### Exercise objective
Please retype the data below exactly, stopping after the line with "在全党深入开展学习贯彻习近平" and skipping every picture.

### Recorded data
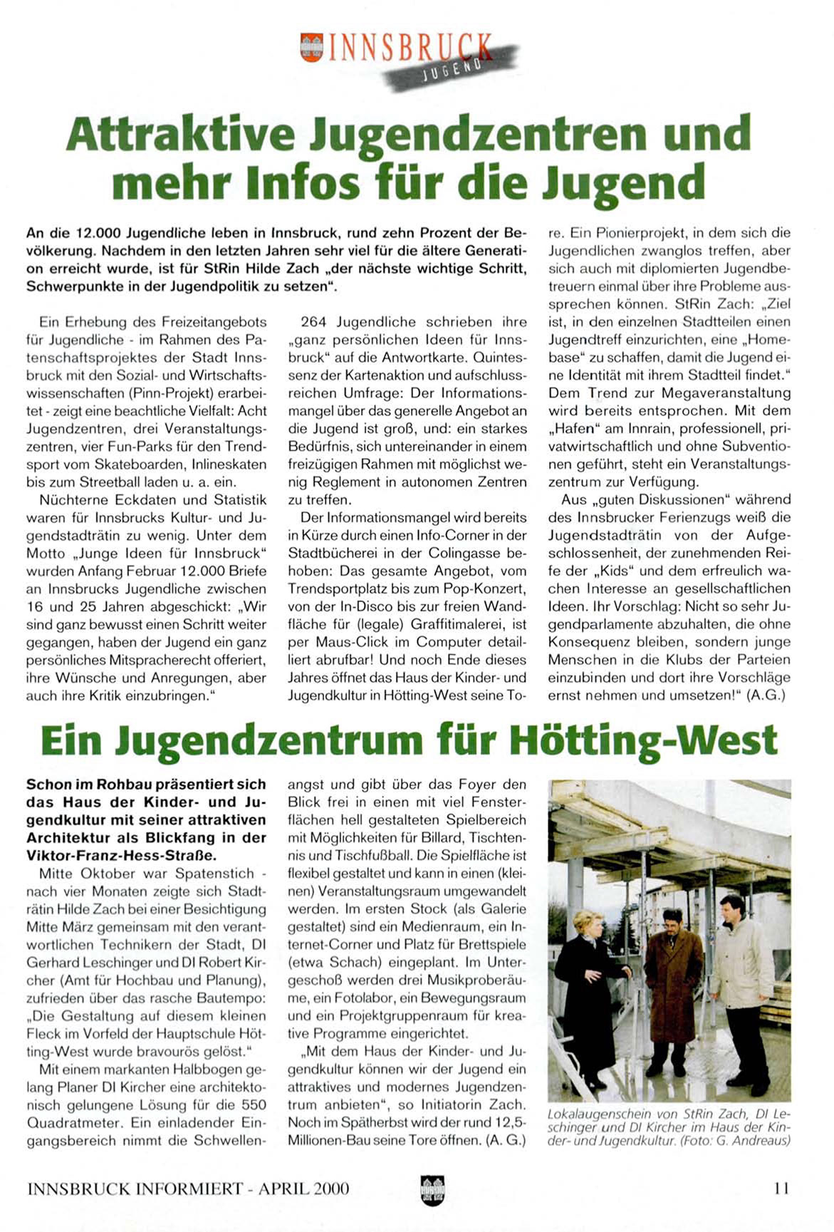 füi Jugendliche - im Rahmen des Patenschaftsprojektes der Stadt Innsbruck mit den Sozial- und Wirtschaftswissenschaften (Pinn-Projekt) erarbeitet - zeigt eine beachtliche Vielfalt: Acht
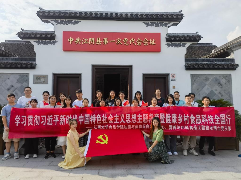 在全党深入开展学习贯彻习近平新时代中国特色社会主义思想主题教育之际,威廉希尔组织党员同志,以实际行动助力乡村振兴,共筑健康中国。7月14日,油脂与植物蛋白研究中心博士党支部,营养与功能食品工程技术、国家工程实验室联合博士党支部两个省级样板支部组成近四十人的博士科技服务团前往江阴市新桥镇,开展“健康乡村,食品科技全国行”党日活动与社会实践活动。
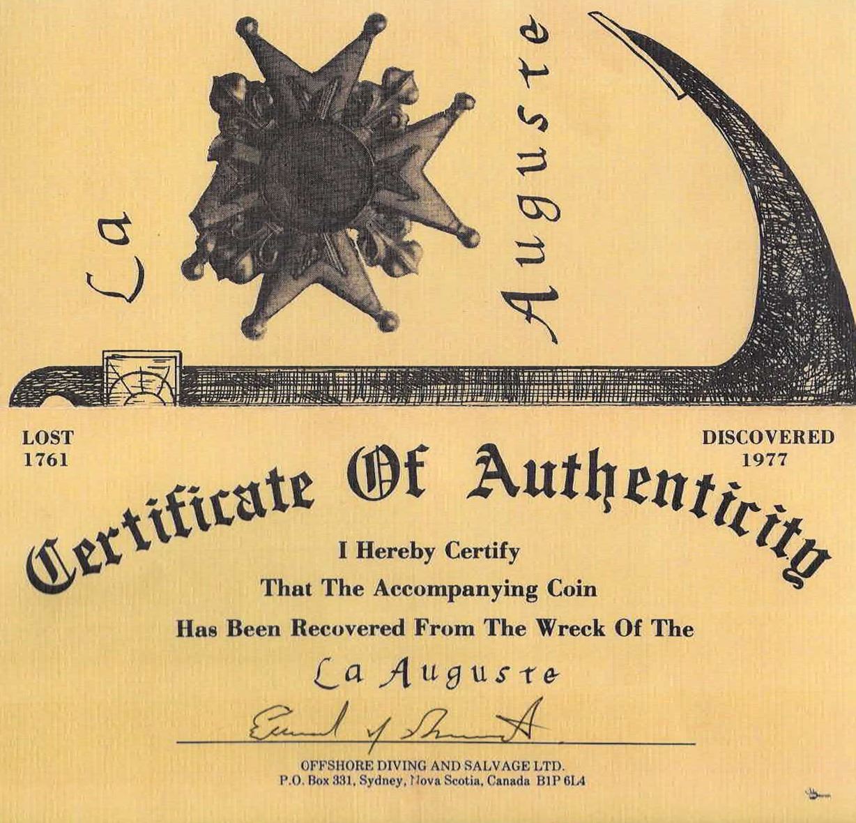 Mexico City, Mexico, pillar 8 reales, Philip V (posthumous), 1747 MF. KM-103; Cal-1472; Yonaka-M8.47. 20.94 grams. XF with moderate corrosion (especially on pillar side), areas of dark oxidation on shield side. With original (generic) certificate from the salvor. Recovered from: La Auguste, sunk in 1761 off Nova Scotia, Canada

### Completed task
 füi Jugendliche - im Rahmen des Patenschaftsprojektes der Stadt Innsbruck mit den Sozial- und Wirtschaftswissenschaften (Pinn-Projekt) erarbeitet - zeigt eine beachtliche Vielfalt: Acht
 在全党深入开展学习贯彻习近平新时代中国特色社会主义思想主题教育之际,威廉希尔组织党员同志,以实际行动助力乡村振兴,共筑健康中国。7月14日,油脂与植物蛋白研究中心博士党支部,营养与功能食品工程技术、国家工程实验室联合博士党支部两个省级样板支部组成近四十人的博士科技服务团前往江阴市新桥镇,开展“健康乡村,食品科技全国行”党日活动与社会实践活动。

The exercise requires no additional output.